Maison Carree, Nimes, France

Maison Carree, NImes, France

Still, the single defining and overriding factor in place for almost all television today is *the legitimacy of the state*. The government as, however flawed, a great institution of service to its people. The secondary trope is the valorizing of the individual, the individual as a self generating figure for whom history, class, and ideology have little to no importance. There are some exceptions; The Killing had a policewoman shaped by her foster care upbringing and the indifference of child services. But in general, these are rare exceptions. Now this is all far less true of European series. The current popularity of Scandanavian crime shows (and French, even Belgian) has to do with what feels (to American audiences) like a much more ambigious moral landscape. Even British shows, while hewing closer to U.S. political conservatism, include a far greater awareness of class distinction and of working class hardship.
Rudolph Stingel

Rudolph Stingel

Now, one could find countless examples from a mere thirty or forty years ago, in Hollywood film, of a dissident point of view. Even if only through the nihilism of the protagonist, there was something far more allegorical and certainly far more distrustful of institutional authority. British director John Boorman made Point Blank in 1967, a film that in both form and narrative feels closer today to Tarkovsky than it does to current Hollywood film. It remains the purest vatic and oracular crime film ever made, probably. But the atmosphere, the landscape of films such as Cutter’s Way, Nightmoves, Charley Varrick, Ulzana’s Raid, Two Lane Blacktop, Cockfighter, Smile, Scorcerer, The Hustler, Fat City, Blue Collar, and Bullit, was one of moral corruption, existential angst, a world predicated upon disequalibrium and trauma. Nightmoves probably deserves a special mention here, directed by Arthur Penn, released in 1975, and written by the great Alan Sharp, it is on one level a standard private eye genre piece. But the mystery being solved isnt the one PI Harry Mosby is hired to solve; the real mystery is Harry himself. This is a post Watergate noir, a re-evaluating of what once made the moral crusade of Phillip Marlow or Sam Spade make sense. Harry is a man not perceptively acute enough to untangle the societal malaise around him. The moment Harry realizes that solving the mystery resolves nothing of his own problems, the film takes on something approaching tragic proportions. Scotsman Alan Sharp, who also wrote the very fine The Last Run, with George C. Scott, died just a year or two ago. His lack of appreciation is its own tragedy, for one cannot find better screenwriting than that of Alan Sharp.
Two Lane Blacktop, Monte Hellman dr. 1971

Two Lane Blacktop, Monte Hellman dr. 1971

The 70s marked the end for an American cinema of Aldrich, Hellman, Freidkin, Peckinpah, and Penn, for audiences were already going to see All the President’s Men and Godfather, not to mention Star Wars. I don’t think a single film listed above (and it’s a very partial list) made any money. The sensibility that saw societal ills, that questioned the status quo, and prioritized suffering as historically based, that saw human misery as unsolvable under the society of the Spectacle, was not what studios saw as profitable. And such films were not profitable.

Rudolph Stingel

Rudolph Stingel

I was reminded this week of Rudolph Stingel’s work. I am a big admirer of Stingel, even if I think some parts of the ourve are less impressive than others. In his best there is something deeply disquieting, almost vertigo inducing. For me I feel the launching of memories, or feelings associated with memories, memories that I can’t retrieve, and that feel almost discomferting. Experiencing Stingel makes one feel almost guilty, or as if someone caught you doing something you weren’t supposed to be doing. Both pleasure and pain reside in this work.

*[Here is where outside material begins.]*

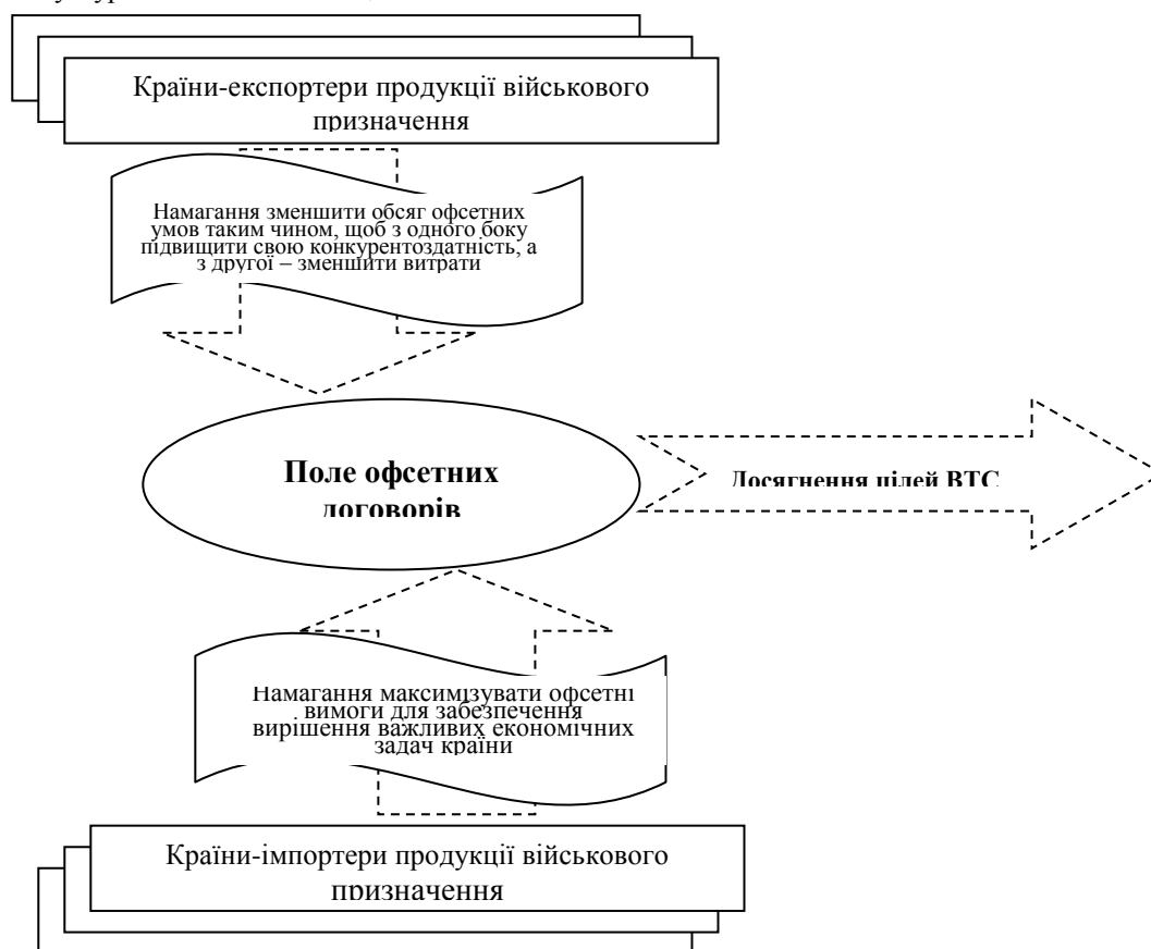
Рис. 1. Схема військово-технічного співробітництва в умовах офсету [складено автором з використанням [8]

Ліцензійне виробництво продукції передбачає передачу технологій за прямими комерційними угодами між виробником країни-експортера і урядом або виробником країни -імпортера. Головна різниця між спільним і ліцензійним виробництвом полягає в розподілі авторських прав на продукцію і обмежень по використанню виготовленої продукції. Прикладами таких угод можуть бути виробництво літаків F-16 у Туреччині на основі ліцензій з США.

In Stingel there is no sentimentality; there is great lavish opulent color and tacticity, but it evokes memories. Maybe part of Stingel’s genius lies in his making us want to live in HIS memories. Or his dreams. The giant paintings, soiled and walked on, of the hyper realist Tyrolean Alps, remind me of those 1950s View Master 3d toys. For me the feeling is akin to what marionettes achieve. Roberta Smith described his orange wall at the Venice Biennale as an “etch a sketch cave painting”. Something of deep childhood dreams is operative here. But the work is not childish. It is the adult melancholy at lost childhood.

Rudolph Stingel at the Neue Nationalgalerie.

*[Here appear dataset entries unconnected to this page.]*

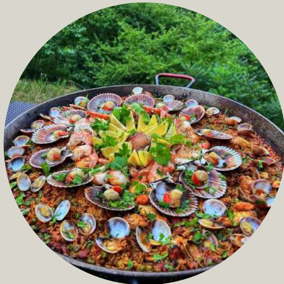
Open Air maisto pateikimas
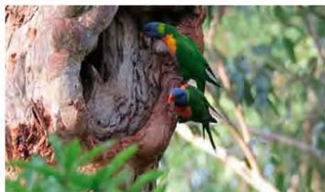
Lori's van de Blauwe Bergen

rotsformatie van The Tree Sisters. Er gaan verschillende legendes rond maar wij bekijken dit toch als een prachtig in vorm gewaaid en versteend stuk natuur. Het is 10 graden en er waait een harde wind, tijd om terug te gaan naar de auto waar de verwarming aan staat. Voor twee nachten hebben we een camping geboekt in Blackhead. Wanneer we de camping verlaten komen we in een memorial parkje, een weelderige tuin van azalea's, rododendrons en vele andere bloeiende bomen en struiken. Het voorjaar laat zich van zijn mooiste kant zien. De volgende morgen in de schemer loop ik langs het riviertje naast de camping en zie de Pennantparkieten die elkaar voeren en meteen erna paren. De waaierstaartvogels volgen mij langs het grasveld waar Woodduckseenden lopen te snateren in het nog natte gras.
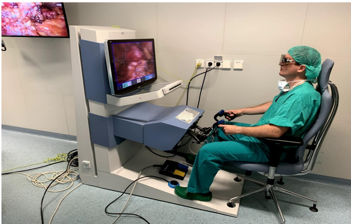
Slika 3. Kirurg izvodi kirurški zahvat smješten ispred kirurške konzole Senhance robotskog sustava
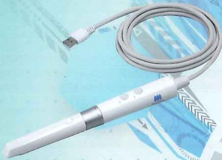
ペンビューアー 口腔内カメラ

そのシームレスな接続環境、クイック&スムーズな操作環境が業務を効率化し、患者さんとの双方向コミュニケーションを創出。確かな信頼関係を構築します。

Rudolph Stingel at the Neue Nationalgalerie.

Stingel is also a romantic. For all this use of chance, of letting people scrawl on his electroplated gold walls, Stingel is still firmly an arch romantic and a romantic that I think finds something profound in that very idea. Stingel manages to eliminate the need for cheap effects, relying on his taste, and his intelligence. This allows me to segue to architecture again. Marco Biraghi wrote an excellent book on the work of Manfredo Tarfuri. Tarfuri was that rare Marxist who examined architecture as an expression of and creator of social conditions, who saw the buildings in the light not just of design, but of economy.
Gaetano Pesce, architect. "Pink Pavillion".

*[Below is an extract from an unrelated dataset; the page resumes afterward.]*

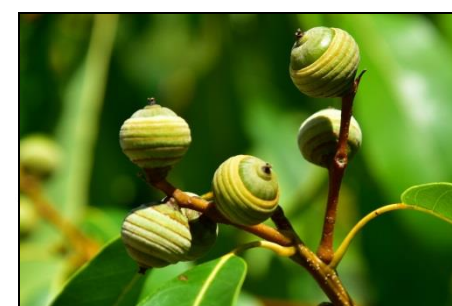
シラカシの若い実 (ブナ科)

Gaetano Pesce, architect. “Pink Pavillion”.

Walter Benjamin wrote; “Rather than asking ‘what is the attitude of a work of art to the relations of production of its time’? I would like to ask ‘what is its position in them’?” I think it is interesting to look at space again, as it is created in architecture, as unavoidably taking place in some way in relations of production. I believe that the erosion of curiosity in the general public today, certainly in the two youngest generations, those born into hyperbranded electronic space, is connected to the failure of inwardness that Berkerts laments, to the temporal displacement that is the Spectacle; the instrumental erasing of dreams, of that indeterminancy and overdeterminancy that accompanies all allegorical expression. In all arts, but perhaps in architecture most of all, there is a prophetic suggestion of coming dreams, and coming realities. Architecture and theatre are the two mediums most concerned with the past, while constantly outlining the future. Their temporal position is the most contradictory. Architecture is prophetic.

Tarfuri on Scarpa; “a game of formal skill played with open organization of interrupted sentences.” But then adds; “..a fragment, properly unbderstood, always speaks of an irredeemably lost whole.” Tarfuri compares Scarpa’s melancholy to James Stirling, of whom he writes; “In Stirling’s case, fragments echo a distance, an impossibility of reactivating a discourse on the meaning of architecture…”.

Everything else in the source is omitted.